A Thursday statement from Barnes & Noble Education said the board rejected three takeover bids from Bay Capital Finance of Menlo Park.
The latest cash bid was $4.50 a share, which BN Education received June 27; $5.25 to $5.75 a share, received June 7 and $6.75 to $7.25 a share, received Feb. 7.
The board unanimously concluded that the proposals "substantially undervalued [the company], were highly conditional and not credible," according to the statement.
The statement added that Bay Capital "has failed to demonstrate its ability to complete such a transaction, including providing no evidence of financing."

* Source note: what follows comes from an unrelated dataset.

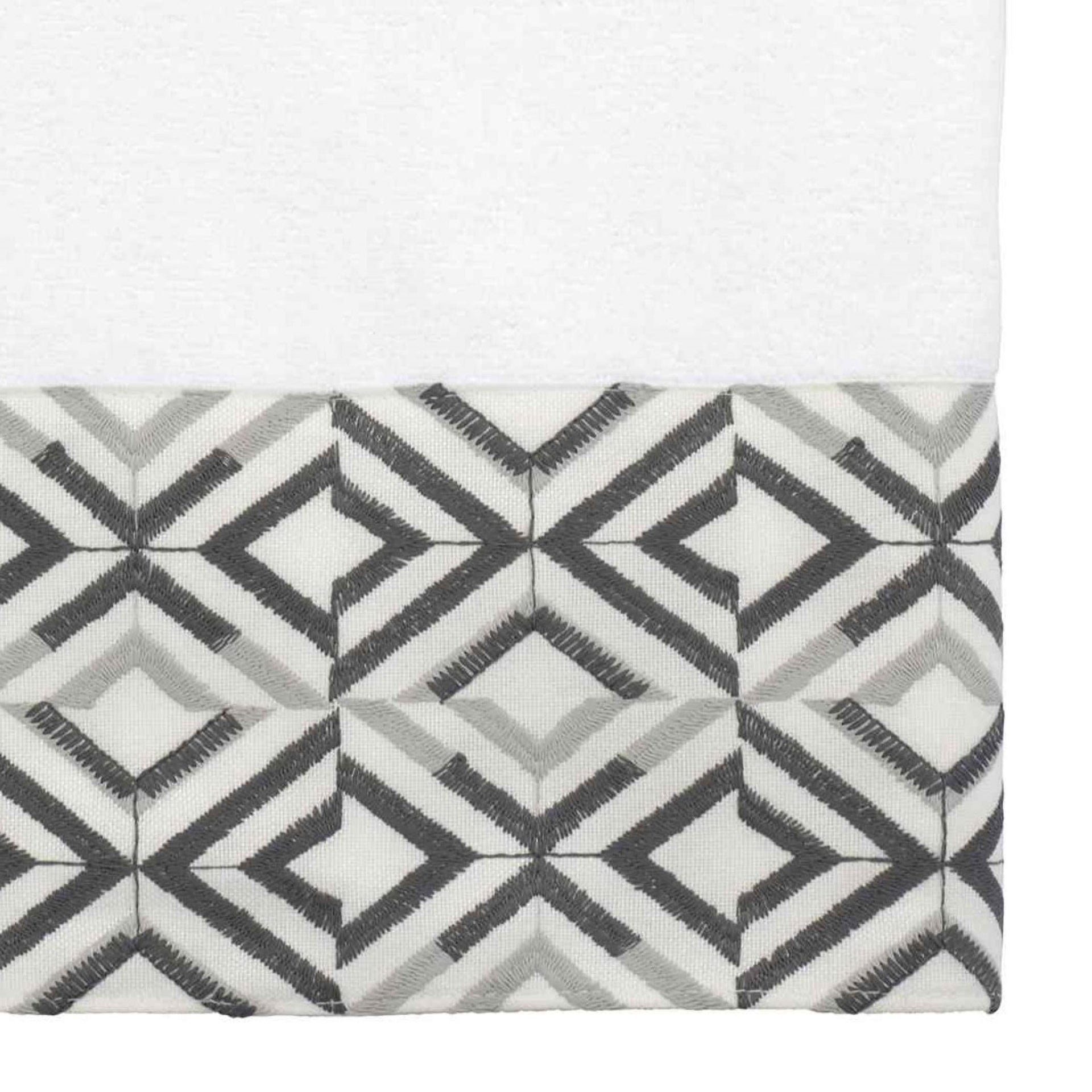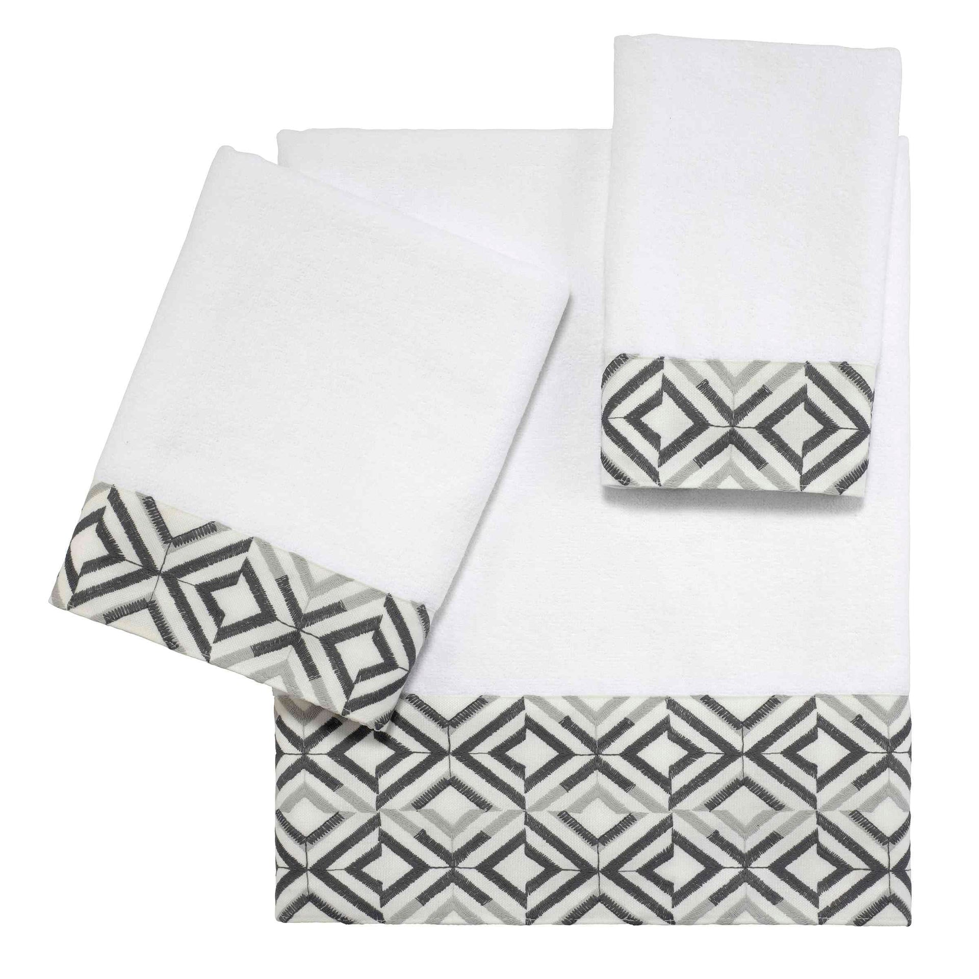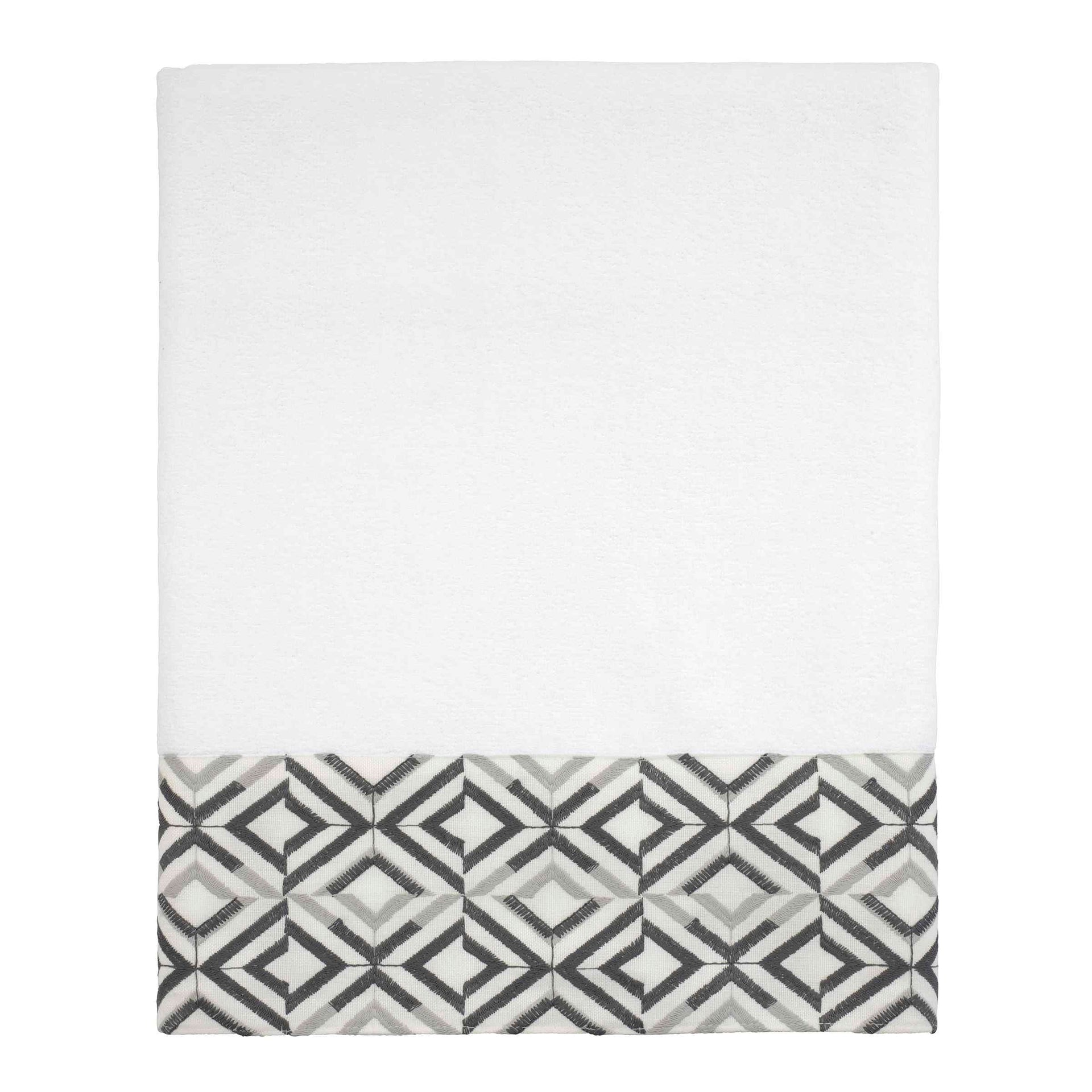The Avanti Harlow White Bath Towel features offset rows of concentric diamonds intricately embroidered in light and dark grey on a 100% polyester white cloth. The white towel is sheared for a silky, smooth, shimmering ground, the perfect complement to this contemporary design. Towel measures 27" x 50".

In a July 15 news release, Bay Capital had said it was extremely disappointed that Barnes & Noble Education rejected its efforts to engage in takeover talks.
The investment firm said then that it had nominated five qualified candidates who were independent of Bay Capital to serve on the BNED board.
Bay Capital said the company had rejected the nominations. BNED said the nominations were invalid under its bylaws.
Shares of Barnes & Noble Education closed 1.4% lower on Thursday at $3.48. At April 27, the end of BNED's fiscal 2019, 47.6 million shares were outstanding, creating a market capitalization of about $166 million.
Barnes & Noble Education was spun out of bookseller Barnes & Noble Inc. (BKS) in 2015. The two companies are now unconnected.
The education company operates 1,448 physical and virtual retail bookstores in the U.S., serving more than 6 million students and faculty.
The company also provides digital solutions including study aids for students. And it operates a wholesale textbook distribution business.
Please note that due to factors including low market capitalization and/or insufficient public float, we consider Barnes & Noble Education to be a small-cap stock. You should be aware that such stocks are subject to more risk than stocks of larger companies, including greater volatility, lower liquidity and less publicly available information, and that postings such as this one can have an effect on their stock prices.